For encoding like ISO_2022 and HZ, since the embedded state machine can do almost a perfect job along, no other statistic sampling is done.
Big5Freq.tab
EUCKRFreq.tab
EUCTWFreq.tab
GB2312Freq.tab
JISFreq.tab
Those files defined the frequency table (Character to frequency order mapping) for each language. Since Big5 and EUC-TW are not basing on the same charset standard like EUC-JP and SJIS do, 2 tables is defined.
CharDistribution.h
CharDistribution.cpp
Implementation for Character distribution analyzer.
nsPkgInt.h
nsCodingStateMachine.h
Those are bases of state machine implementation.
nsEscSM.cpp
State machine for ISO-2022XX and HZ.
nsMBCSSM.cpp
State machines for Big5, EUC-JP, EUC-KR, EUC-TW, GB2312, SJIS, and UTF8.
JpCntx.h
JpCntx.cpp
Japanese hiragana sequence analyzer.
nsBig5Prober.h
nsBig5Prober.cpp
nsEUCKRProber.h
nsEUCKRProber.cpp
nsEUCJPProber.h
nsEUCJPProber.cpp
nsEUCTWProber.h
nsEUCTWProber.cpp
nsSJISProber.h
nsSJISProber.cpp
nsGB2312Prober.h
nsGB2312Prober.cpp
nsUTF8Prober.h
nsUTF8Prober.cpp
Charset Prober classes definition and implementation for each encoding. Each prober has an embedded state machine and a character distribution analyzer except UTF8, which state machine is good enough.
nsMBCSProber.h
nsMBCSProber.cpp
This is a wrapper of all the MBCS probers. I was expecting
to put some high level logic which base on multiple encoding knowledge
to appears here in the very beginning. That might still be needed in future.

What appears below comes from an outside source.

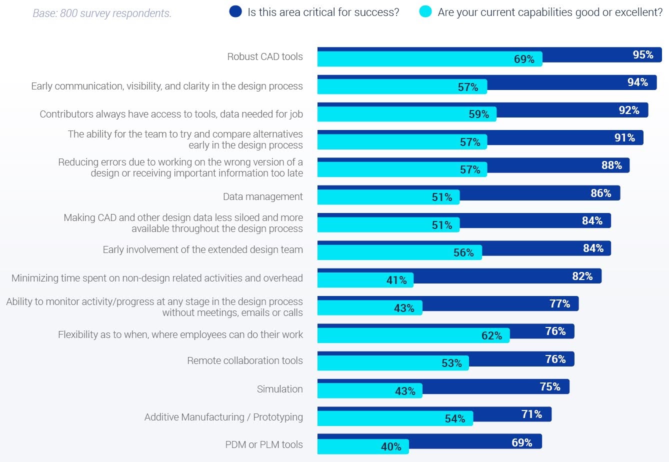 이번 조사에서 제품 개발 혁신을 위해 가장 중요한 역량으로 응답자들은 ‘강건한 CAD 툴'(95%), ‘설계 프로세스 초기 단계의 커뮤니케이션/가시성/명확성'(94%), ‘업무에 필요한 툴과 데이터에 대한 지속적인 접근'(92%), ‘설계 프로세스 초기에서 설계 대안을 시도하고 비교할 수 있는 역량'(91%) 등을 많이 꼽았다.

How single-byte encoding charset prober works
For each encoding, a table is used to map a character to an encoding independent identification number. Those identification numbers in fact come from characters’ frequency order but with some adjustment. For each language, a 2-D matrix is defined as language model. If cell <x, y> is 0, it means sequence <character(x), character(y)> is a rarely used sequence in this language, with character(x) representing the character whose identification number is x. The 2-D matrix only defines sequence of a subset of all the characters. For characters whose identification number is out of this range, those characters are ignored. Since some of the sequences, like ascii-to-ascii sequences, have no relation with the language we try to verify, and those sequences should not be counted. In current implementation, a sequence will be counted if both characters are 8-bits ones. In some situations, one 8-bits character sequence is expected to be counted.
LangCyrillicModel.cpp : these files defined a mapping table for each encoding and a 2-D matrix for all Cyrillic languages. A "SequenceModel" structure is also defined for each encoding. This structure will be used to initialize a single-byte character prober class. All Cyrillic encodings are sharing the same prober class implementation.
nsSBCharSetProber.h
nsSBCharSetProber.cpp : These 2 files defined and implemented single-byte charset prober.